Der Name „Hartere“, den Erbauer Alain seinem Projekt gab, setzt sich aus den Komponenten „Har“ (für Harley) und „Ter“ (für Terrot) zusammen. Das „e“ fügte der Franzose ans Ende des Namens, weil Motorräder auf französisch weiblich sind (une motocyclette), das „e“ den Namen also grammatikalisch feminin macht.   

Harley-Davidson Flathead V2 im Terrot-Rahmen

Wohl tausend Mal hatte Alain die Einzelteile des Terrot-Motorrads in der Garage eines Freundes gesehen, bis er auf die Idee kam, daraus eine sogenannte „Bitza“ zu bauen. Der Seitenventiler, den er seit Jahren zu Hause hütete, stammt aus einer WLA des Jahres 1942, der Rahmen der Terrot wurde 1949 hergestellt. Den allerdings musste er schon ordentlich abwandeln (vorn um 22 Zentimeter verlängern), um den Harley-V2 in das fremde Rohrwerk hineinzubekommen.

Das Kickstarter-Getriebe stammt von Terrot

Das Vierganggetriebe ist übrigens kein Bauteil aus Amerika; Alain adaptierte stattdessen mittels selbst gebautem Ketten-Primär eine Schaltbox von Terrot. Die übrigen fahrwerklichen Zutaten lesen sich wie eine industriearchäologische Aufzählung. Die wunderbare Parallelogramm-Gabel stammt von einem französichen Motorrad der Marke „Druide“, eine Firma, die bis in die 30er Jahre motorsierte Zweiräder baute.

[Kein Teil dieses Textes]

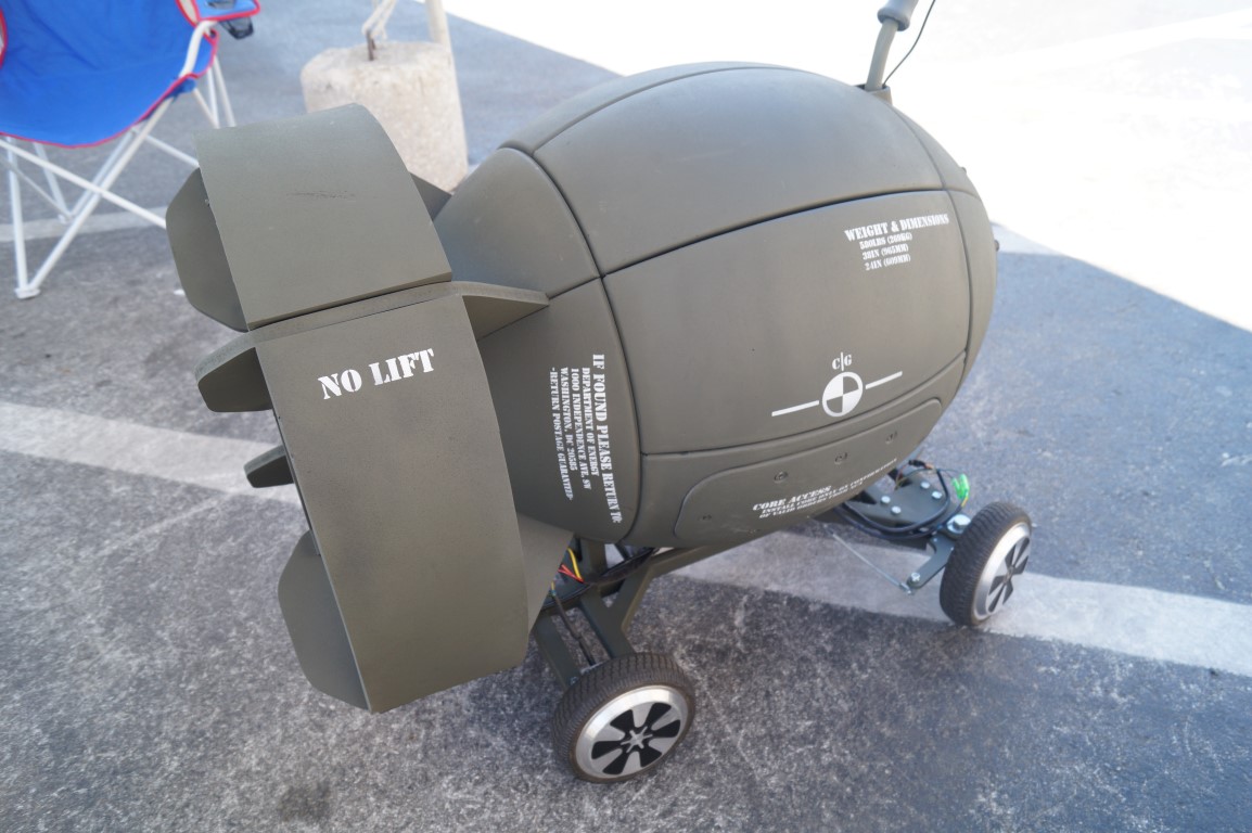Michael Curry showed up with this rideable atomic bomb. It is largely 3d printed, though some parts were made from fiberglass for a bit more structural integrity.

Harley-Davidson Flathead für die Rennstrecke

Den Benzin- und Öltank entnahm der Erbauer einem „Diamant“-Motorrad von 1925. Die linke Tankhälfte bunkert das Öl des Trockensumpfes, in der rechten Tankhälfte ist Platz für Benzin. Unser Lieblingsdetail an diesem liebevoll gestalteten Hybriden „L’Hartere“ ist aber eindeutig der famose, schlanke, originale Terrot-Auspufftopf, dessen Aluminium-Body in einem herrlich großen Fischschwanz endet.

Seinen historischen Teilemix bewegt Alain bei Vintage-Rennen, womit auch die Startnummerntafeln am Bike erklärt ist

Die 19-zölligen Speichenräder spendete die besagte 49er Terrot, die gelochten Deckel der Duplex-Bremse im Vorderrad sind der Tatsache geschuldet, dass Alain sein mechanisch einwandfrei funktionierendes Schätzchen ausschließlich in einer speziellen Vintage-Klasse auf der Rennstrecke bewegt. Den Renneinsatz verrät auch das kleine Leder-Sitzbrötchen auf dem Heckkotflügel.

Ein ganzes Sammelsurium von Baugruppen verschiedener Hersteller

Das ist nicht etwa ein unverschämt kleiner Soziussitz, sondern dort hinauf rutscht der Fahrer mit dem Gesäß, wenn er zwecks Erzielung der Höchstgeschwindigkeit den Oberkörper auf den Tank presst und versucht, sich hinterm Lenker so klein wie nur möglich zu machen. Wir meinen: Ein wunderschöner Hy­bride, dem man nicht ansieht, dass er aus einem ganzen Sammelsurium von Baugruppen verschiedener Hersteller besteht. Toll gemacht!